A year ago Robert, 11th Marquis de Goulaine, flew in with a flock of Irish Wine Geese from various parts the globe to perform…

A year ago Robert, 11th Marquis de Goulaine, flew in with a flock of Irish Wine Geese from various parts the globe to perform the official opening of our first International Museum of Wine in Kinsale, Co Cork. Next Friday, the President, Mrs McAleese arrives to unveil a commemorative plaque. There is no shortage of big guns at Desmond Castle, the museum's characterful home. That says a good deal about the irresistible romance of the subject - the notion of an Irish diaspora traceable through multitudinous bottles of drink.

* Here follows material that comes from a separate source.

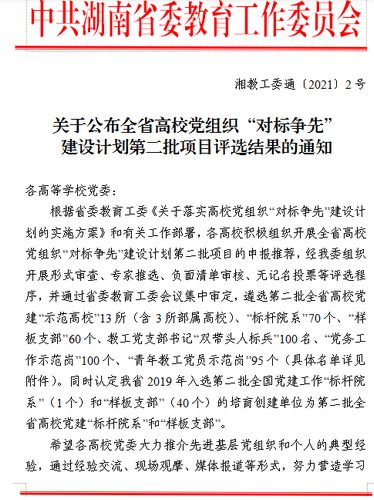 本次评选是湖南省教育工委《关于落实高校党组织“对标争先”建设计划的实施方案》中系列工作之一。经高校申报,省教育工委形式审查、专家推选、负面清单审核、无记名投票等评选程序,并通过省委教育工委会议集中审定,遴选第二批全省高校党建“示范高校”13所(含3所部属高校)、“标杆院系”70个、“样板支部”60个、教工党支部书记“双带头人标兵”100名、“党务工作示范岗”100个、“青年教工党员示范岗”95个。同时认定我省2019年入选第二批全国党建工作“标杆院系”(1个)和“样板支部”(40个)的培育创建单位为第二批全省高校党建“标杆院系”和“样板支部”。

But perhaps it says even more about the passion of the three men who dreamed up this project and nurtured it with the loving attention a wine-maker might bestow on fine claret. Now they're selling it to the world - luring dignitaries of all descriptions and a steady stream of visitors with Irish blood and wine mingling in their veins. For native wine-lovers within reach of the deep south, it's the perfect excuse for a day out.

Who are these determined dynamos? Chief among them is Ted Murphy, a Corkman who combines his job as manager of Douglas Shopping Centre with a well-earned reputation as Ireland's most engaging wine historian. He is a living encyclopaedia on the so-called Wine Geese - those families who migrated from Ireland, mainly between the 17th and 19th centuries, and ended up in the wine trade.

"It started 30 years ago when I was asked to meet Hugues Lawton at Cork station," he explains. "His is the oldest wine-broking family in Bordeaux, and he was the first member of it to return to Cork in 250 years. The original Hugh Lawton had been a mayor of Cork and a wine merchant, you know. This man was in tears, he was so moved. Then we got chatting. `Are there many more boys like you, with Irish roots, in Bordeaux?' I asked him. `It's full of them!' he said. I began to dig and I suppose I've never stopped."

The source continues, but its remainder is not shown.